Toutefois on était loin d’attendre le même sang-froid de la ranie Chanda, qui, pour son amant Lal-Sing, avait cent fois risqué sa vie et celle de son fils, versé tant de sang et vu massacrer presque sans regrets son frère et ses plus fidèles serviteurs. Aussi se garda-t-on de lui annoncer le jour même la double nouvelle de la déchéance et de l’éloignement de son favori. On commença par changer la garde du palais, composée de deux mille hommes qui lui étaient dévoués ; on la remplaça par des troupes sûres, choisies dans le parti opposé. Non content de cette précaution, on licencia toutes les milices qui formaient la garde de la reine et de Lal-Sing, on leur paya leur arriéré de solde, et on les fit sortir de la ville. Puis, le 4 au soir, M. Currie, le colonel Lawrence et les membres du nouveau ministère sikh se rendirent auprès de la reine et lui firent part des événemens de la journée précédente. La scène fut des plus dramatiques. Bondissant sur la couche où elle était assise et agitant un poignard, Ranie-Chanda appela d’abord sa garde pour courir sus aux Anglais et aux traîtres, comme elle désignait dans son langage énergique les nouveaux ministres ; puis, ne retrouvant plus autour d’elle les visages de ses condottieri, elle fondit en larmes et s’épancha en plaintes amères, qui rappelaient les imprécations d’Athalie surprise dans le temple.

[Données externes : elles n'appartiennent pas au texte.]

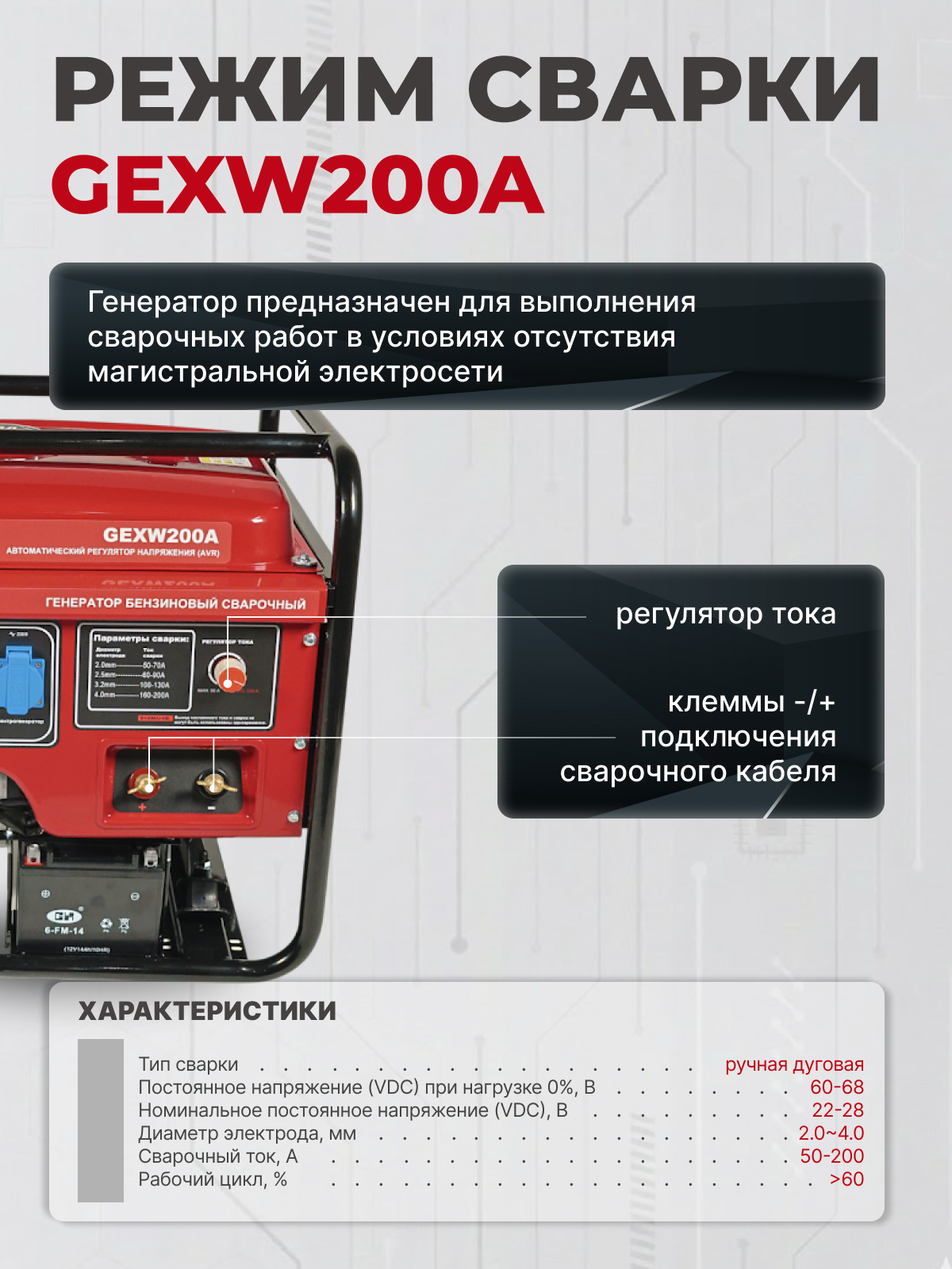 Сварочный модуль генератора HND GEXW200A демонстрирует высокую производительность: ток сварки регулируется в диапазоне 50-200 А, что позволяет уверенно работать с электродами диаметром от 2,0 до 4,0 мм. Высокое напряжение холостого хода (60-68 В) обеспечивает легкий поджиг и стабильность дуги на протяжении всего процесса сварки. Показатель рабочего цикла здесь превышает 60 %. Цифровая система зажигания CDI с регулируемым углом опережения способствует эффективному сгоранию топлива, что в сочетании с баком на 25 л обеспечивает продолжительный период автономной работы.

Un nouveau gouvernement était ainsi installé à Lahore sans effusion de sang ; mais il n’avait pas encore eu le temps de se reconnaître, lorsque le chargé d’affaires britannique lui communiqua, de la part de lord Hardinge, la nécessité où se trouvait le gouvernement anglais de retirer dans le courant du même mois (le mois de décembre) ses troupes du Penjaub, conformément aux stipulations du traité du 9 mars 1846. Cette déclaration, bien qu’elle ne fût pas inattendue, fut reçue comme un coup de foudre par les chefs sikhs, qui ne voyaient aucun espoir de se maintenir ou même d’échapper à une anarchie sanglante et peut-être à un massacre général, du moment où l’armée anglaise cesserait de contenir par sa présence les mauvaises passions de la soldatesque et de la populace. Le 13, ils firent une première offre au chargé d’affaires britannique, lui demandant de prolonger, de fixer même son séjour à Lahore, sous la protection d’un petit corps de troupes anglaises que le gouvernement sikh s’engagerait à solder. Cette offre fut immédiatement et péremptoirement rejetée par lord Hardinge, comme tendant à amener l’état de choses qui s’était déjà produit dans les royaumes d’Onde et d’Hyderabad, où les gouvernemens indigènes, assurés de l’impunité, tyrannisaient impitoyablement leurs sujets.

Le 14, un régiment anglais se mit en route pour Firozepour, et les autres corps reçurent l’ordre de se tenir prêts à marcher dans la même direction. Ces démonstrations ne laissaient aucun doute sur l’intention du gouverneur-général. Le ministère sikh convoqua dès-lors une assemblée de tous les chefs qui avaient encore quelque chose à perdre dans de nouvelles commotions civiles.